Alles Wissenswerte zum Thema sowie Tipps für die Nachwuchsfahrer, für Eltern und andere Begleitpersonen gibt es auf der informativen Webseite www.bf17.de. Sie ist ein gemeinsames Angebot des DVR und der Deutschen Verkehrswacht (DVW). Das Projekt wird vom Bundesministerium für Verkehr und digitale Infrastruktur gefördert.
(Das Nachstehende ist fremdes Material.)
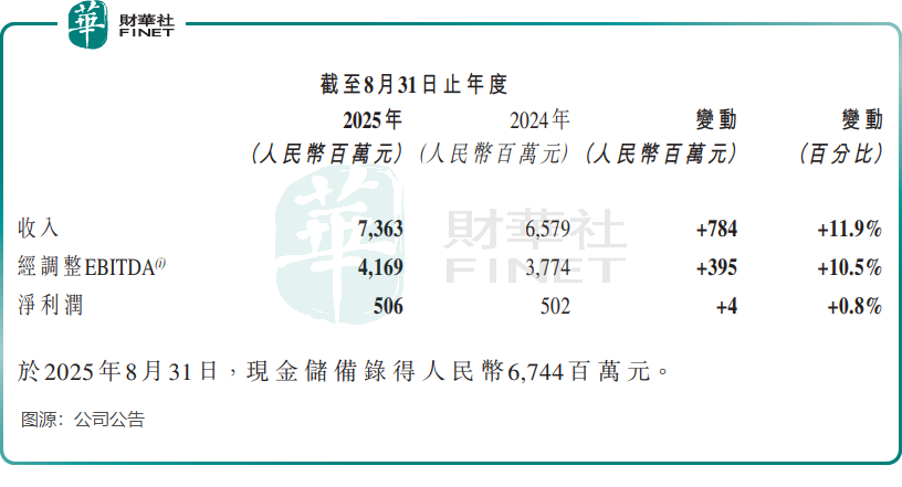 在校生规模的持续扩大,直接驱动了公司营收增长。2025财年,中教控股实现收入73.63亿元(单位人民币,下同),同比增长11.9%,这一增速继续领跑行业平均水平,凸显了头部企业在存量竞争时代的“虹吸效应”。受税项增加影响,公司净利润同比基本持平,为5.06亿元;但反映核心经营状况的经调整EBITDA同比增长10.5%,达到41.69亿元。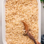Note 1: Long-grain brown rice works best for texture, but medium or short-grain is fine too. Avoid rice that looks discolored or smells musty for best results.Note 2: Olive oil adds flavor and keeps rice from sticking, so don’t skip. You can use other oils or butter if preferred.Note 3: Boil extra water to account for evaporation. Measure exactly 4-2/3 cups after boiling to ensure proper cooking.Rest Time: Let the rice rest after baking to absorb moisture and avoid mushiness. Skipping this step can lead to soggy rice.Storage: Cool rice completely before storing it. Transfer it to an airtight container or sealed bag and refrigerate for up to 4 days or freeze it for up to 6 months.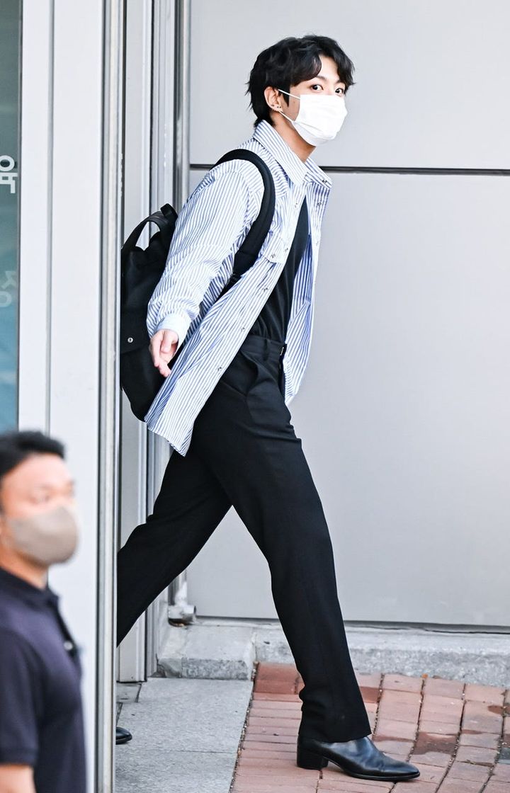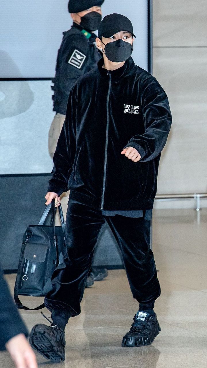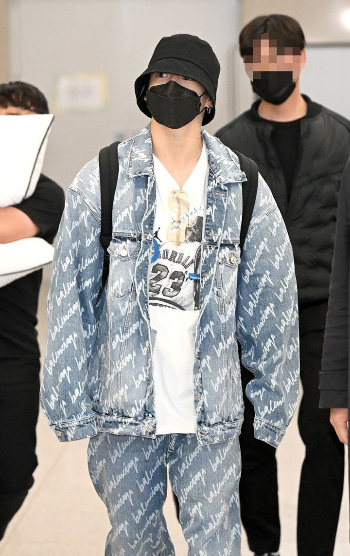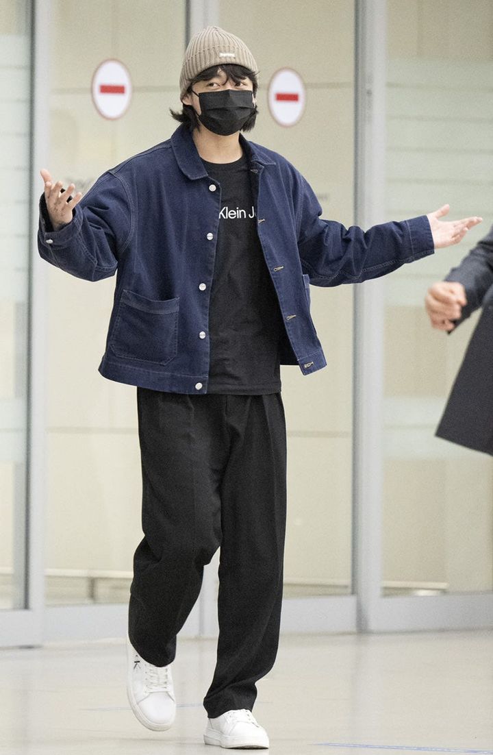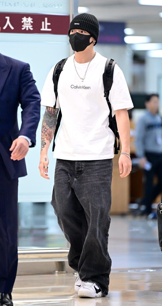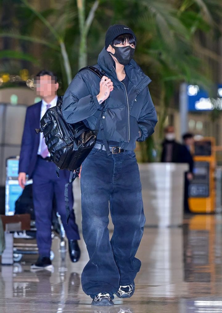 自身がアンバサダーを務める「カルバン クライン」のダウンジャケットを羽織り、アメリカに向けて出国。ジョングク定番のダボっとしたパンツに、すっきりとしたクロップド丈アウターを合わせればスタイルアップ効果抜群。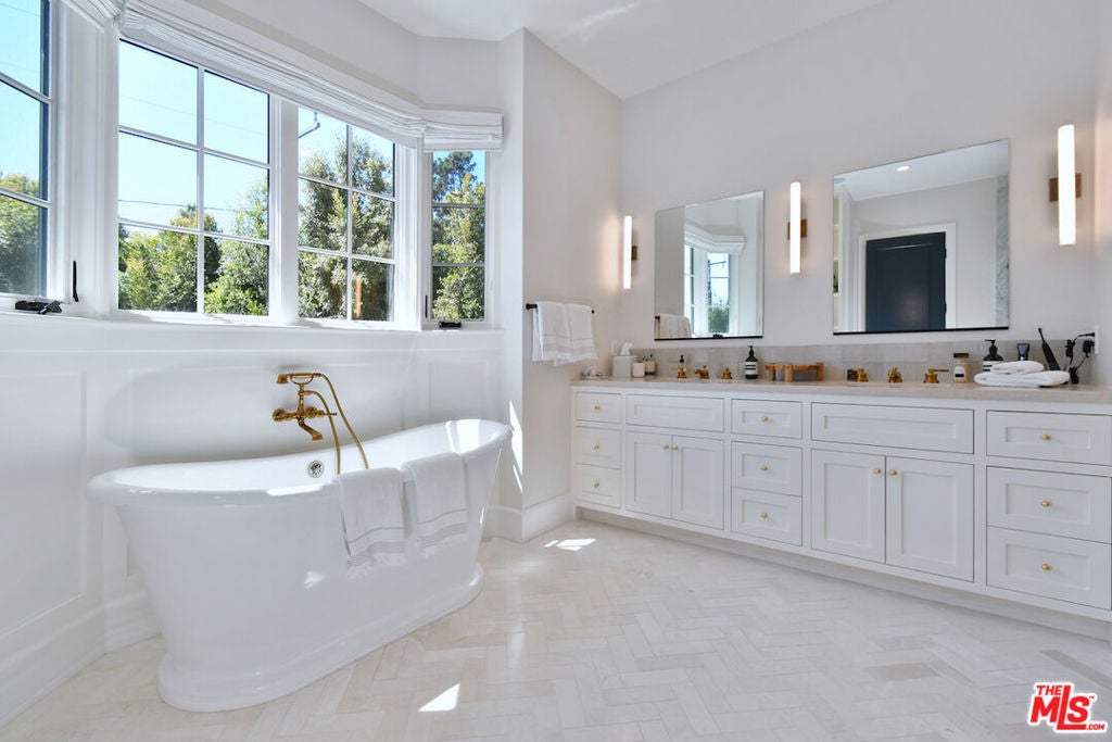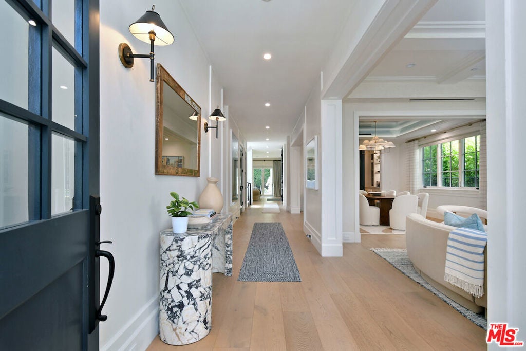 This Elegant Contemporary Traditional home is move in ready, as in, all you need to bring is your toothbrush! Located on a quiet and beautiful, tree lined street north of Montana Avenue in prime Santa Monica, this coveted home is filled with natural light, featuring soaring 10 foot ceilings and large windows, letting the sun shine in. The seamless indoor-outdoor flow creates an ideal setting for living and entertaining, with a sparkling pool and spa, waterfall, grassy area, built in BBQ and outdoor heaters to enjoy the peaceful and private backyard year round. The kitchen, a gourmet chef's delight, features marble countertops, an expansive island, double ovens, and top-of-the-line appliances. 6 Bedrooms, 8 bathrooms are ample room for the whole family- the primary suite showcasing vaulted ceilings, a cozy fireplace and french doors leading to a terrace. A whole home theater, gym, wine cellar and in-law suite compliment the open and light basement, which is accessible from the elevator accessing all 3 floors. Home was purchased brand new, and the owners put in all of the finishing touches- custom window treatments, designer runners, venetian plaster, lush landscaping, Savant whole home automation system with security cameras, automated gate and pedestrian gate, etc etc. Option for the perfect buyer to buy the home furnished. Welcome to 416 21st Place, truly a blend of luxury, comfort and sophistication!

Nicht nur beim Sport bringt Training viel, sondern auch gutes Autofahren will geübt sein. Wer beim BF17 mitmacht, sammelt bereits einen großen Erfahrungsschatz bevor es mit 18 Jahren alleine auf die Straße geht. Die Jugendlichen verbessern ihr Können in vielen verschiedenen Situationen – von der Fahrt im Schnee bis zum Starkregen auf der Autobahn.

Um die Begleitzeit möglichst lange ausschöpfen zu können, sollte man sich rechtzeitig in der Fahrschule anmelden. Idealerweise beginnen Interessierte so früh wie möglich, mit sechzehneinhalb Jahren. So hat man neben Schule oder Ausbildung genug Zeit für die Fahrstunden und die Prüfungsvorbereitung.

Wer die theoretische und die praktische Prüfung bis zum 17. Geburtstag ablegt, kann ein ganzes Jahr begleitet fahren – so oft es geht. Für alle Nachwuchsfahrer gilt im Übrigen: kein Alkohol vor oder während der Fahrt. Erst mit 21 Jahren und nach der zweijährigen Probezeit gilt die ansonsten übliche 0,5-Promille-Grenze.